AI/ML Driven Improvement of Demand Forecasts
Stanley Black and Decker, has 60,000+ products in its portfolio and in 90+ countries. A large portfolio of products drives a robust design needs to handle a large heterogenous set of SKUs with different lifecycles, demand profiles (continuous vs discrete), zero demand events, short and long history of SKUs. With over 60K+ SKUs and 100K+ demand forecasting units planning is a compute and people intensive task and in the absence of robust methods to understand and predict demand the overhead to maintain service level can be an unseen headwind hidden as the cost of doing business.

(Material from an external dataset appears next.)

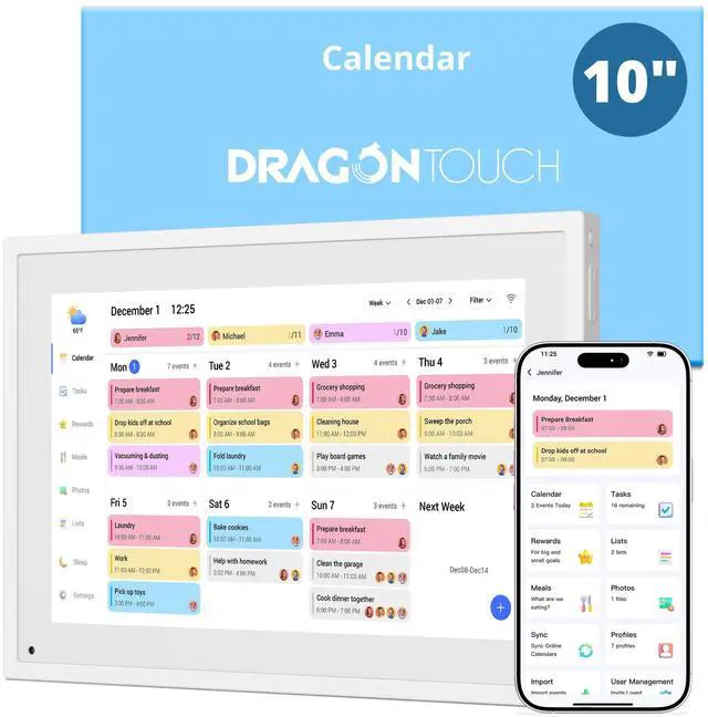 All-in-One Family Organizer10 touchscreen digital calendar simplifies family scheduling. Create events by role or events, switch between daily, weekly, and monthly views effortlessly. Ideal for syncing everyones activities, from school events to work meetings

This talk will cover technical challenges related to scaling compute architecture, engineering complexity, forecasting approaches and limitations, challenges of integration of AutoML engines, challenges of architecting for future algorithm inclusion to handle the complexities of product demand heterogeneity while building a maintainable system future proofed for business continuity. Additionally, the speaker will cover the full scope of what a transformational challenge this situation provides and the operating model to implement this challenge and similar challenges in more AI/ML driven approaches. The speaker will also cover how then to use such a demand forecasting system to help drive strategic actions in Product Portfolio Management, Promotions, Pricing, Sales and Marketing to showcase an ecosystem of business decision making.

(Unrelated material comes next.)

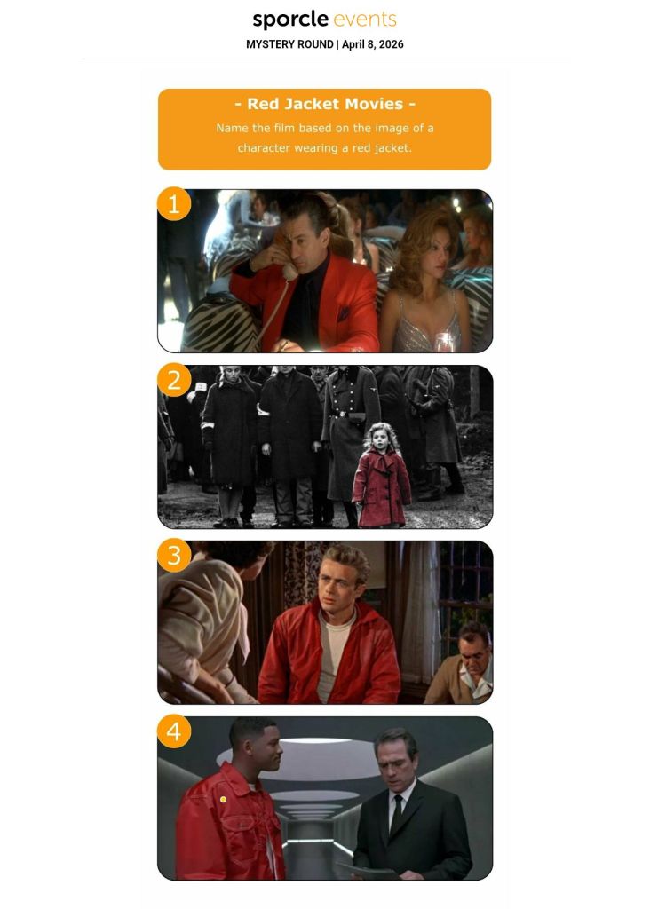 This is it for our trivial pursuits until next week, when we’ll play our music quiz game at Corner Brewery.

Prabhakar Narasimhadevara, Director of data science, Advanced Analytics and Data Engineering, Stanley Black & Decker (Atlanta, GA)
Prabhakar is responsible for delivery of data engineering and analytics solutions in Stanley Black & Decker organization. He has significant experience delivering analytical solutions in the healthcare, automotive, industrial distribution, industrial manufacturing, digital marketing and services industries. Many of his projects involved Machine learning, artificial intelligence, advanced analytics, architecture, strategy development and implementation, process improvement, and data lake creation.